William Bridges and Susan Bridges introduce the concept as Transition Deficit in the book, Managing Transitions. We are calling it a debt as well, for the deficit is bridged by a loan of sorts! 

They argued that every change creates transitions which bring about a ‘personal loss’. Having to ‘transition out’ means having to let go and adapt to something else. That loss is personal and is felt by people in different ways. Sometimes in ways that can’t be imagined by others (and therefore personal)

A few years ago I saw a client organisation transfer one of its Directors to what was considered a better portfolio. He hemmed and hawed but did move on. To him, we realised later, his cabin and desk were special. Giving it up and moving up to another floor caused a lot of grief, which others didn’t quite understand and he didn’t speak of much either. Life moved on. 

In one review, many months later, when a much smaller (& insignificant) portfolio was shuffled, there was a very strong reaction from him. He said, ‘he wasn’t consulted’ and ‘felt taken for granted’ etc. Over a drink, he poured his heart out about how much he missed his earlier desk and room.  

There was a transition deficit the client had incurred by not holding the space for him to ‘grieve’  his sense of loss. It wasn’t done deliberately. It’s just that no one saw that the desk was a big deal! Transition deficit is”a readiness to grieve” that only needs a new ending to set it off”.

Human Centric Change

All change is human. It is imperative to keep elements that are human at the centre of it all. The debt metaphor brings alive the importance of keeping the human element at the front and centre of all change.  To go through the motions of change is normal. Lasting change requires us to be aware of ‘debt’ and to service it well. Here are two elements that we see better of clients do or harness well.  

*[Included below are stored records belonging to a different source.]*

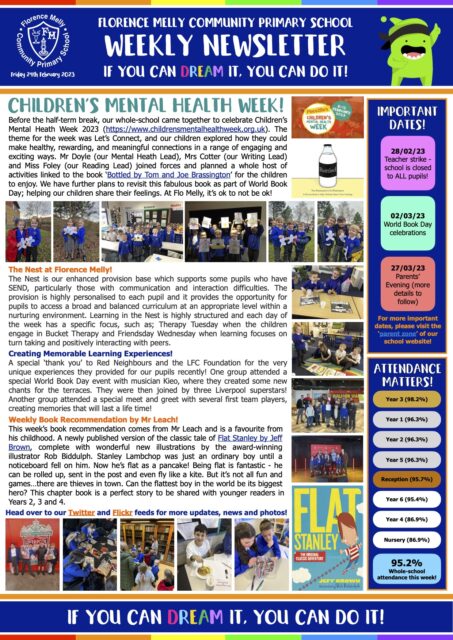First and foremost, welcome back to school after the half-term break. We hope that you had a relaxing holiday and enjoyed lots of quality family time. This week has been action-packed and fun-filled. For a snapshot of what we have been getting up to, please use the following link to access our weekly newsletter: Newsletter 24/02/23. On the back side of the newsletter is an important parent/carer update; including a reminder about next week’s teacher strike.
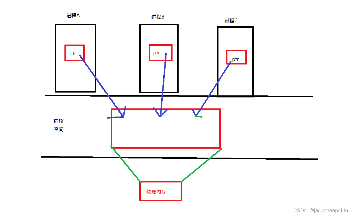 共享内存第一步是先将一块物理内存映射到内核空间,在内核空间维护出一块共享内存,然后每个进程可以通过指针的方式共同访问这块内存空间,并进行读写操作,实现进程通信。类似malloc用法。
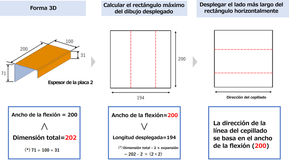 - En el caso de EN 1.4301 equiv. (acabado cepillado por una cara), la expansión es aproximadamente el doble del espesor de la placa en cada punto de flexión, por lo que las dimensiones desplegadas se acortan en esa cantidad. Como resultado, tenga en cuenta que la dirección longitudinal en el modelo 3D y el dibujo desplegado pueden diferir (véase la figura de la derecha).
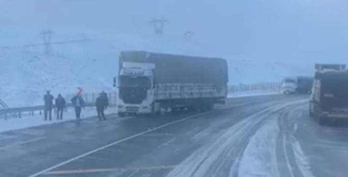 Erzurum-Çat karayoluna yağan kar sonrası soğuk havanın etkisiyle yollar buz pistine döndü. Kış lastikleri olmayan onlarca tır ise yollarda kaldı.
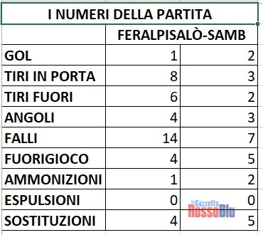 Feralpisalò-Samb 1-2, i numeri della partita
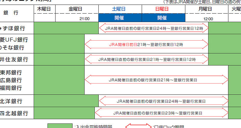 - 祝日:全ての銀行で休業
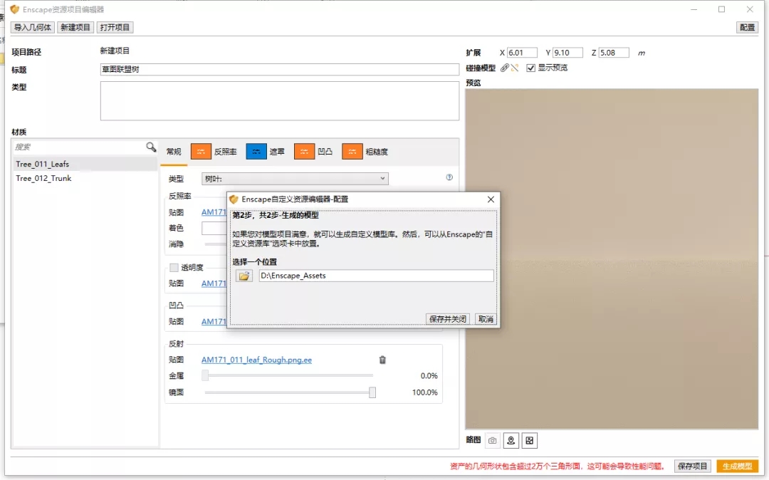 第二步是指定自定义资源项目的保存路径,当然你也可指向同一个文件夹。指定好离线资源路径后当我们使用离线资源库时就不会再连接Enscape官方在线资源库了,这样代理模型都是秒加载。
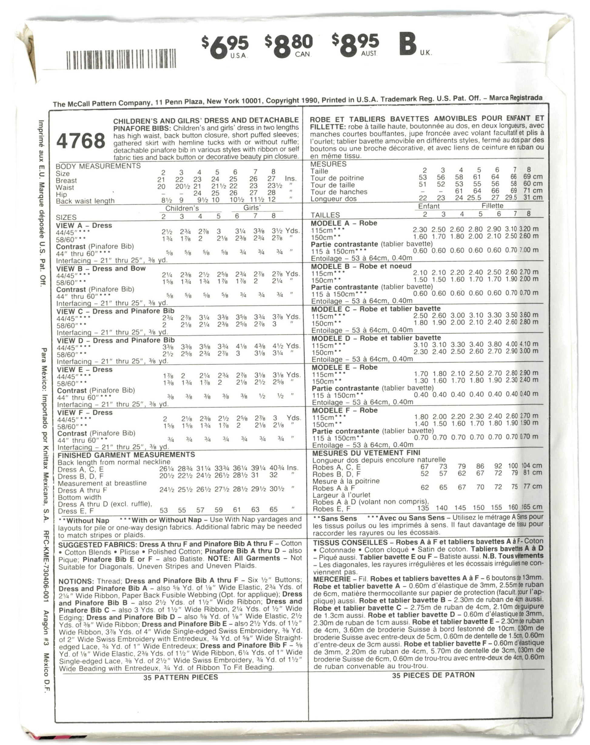 McCalls 4768 Children's Girls Dress and Detachable Pinafore Bibs Sewing Pattern UNCUT Size 4 or Size 6

1. Importance of conversation

Organisations that have had a consistent ride for a long period of time do not shy away from conversations. Especially so, if it is an uncomfortable and hard one. They realise it is hard work and some of it can be plain boring and make strident demands on time. Not to mention the ask in terms of patience. Yet, it is precisely these conversations that they indulge in. 

Such conversations help get the imagination going and bring alive possibilities. They surface discordant notes and sidestep blind conformity in the name of ‘alignment’.  Holding the space for such conversations makes a huge difference.

2. The unidimensional efficiency trap

Ruthless efficiency in delivering for one or a few dimensions pushes organisations into a debt trap. Debts that seem like assets. After all who would argue against generating more profits or staying busy and meeting clients. 

But in staying unidimensional, and focused on ruthless efficiency in its attainment has organisations borrow heavily from an emerging future. There are organisations who make conscious choices keeping the future in mind by holding the space for conversation, disagreement and debate. A degree of autonomy and multifaceted conversations make a difference.

Staying consumed by the ‘busyness’ of the present is a comforting way of escaping from hard conversations about where present-day choices can lead to. 

Leaders with curiosity, courage and humility thrive in helping organisations stay out of trouble. That’s a different conversation for another time.  For now, we leave you with the three debts to ponder over how indebted are you. Whoever you have borrowed from, there will be a time to repay!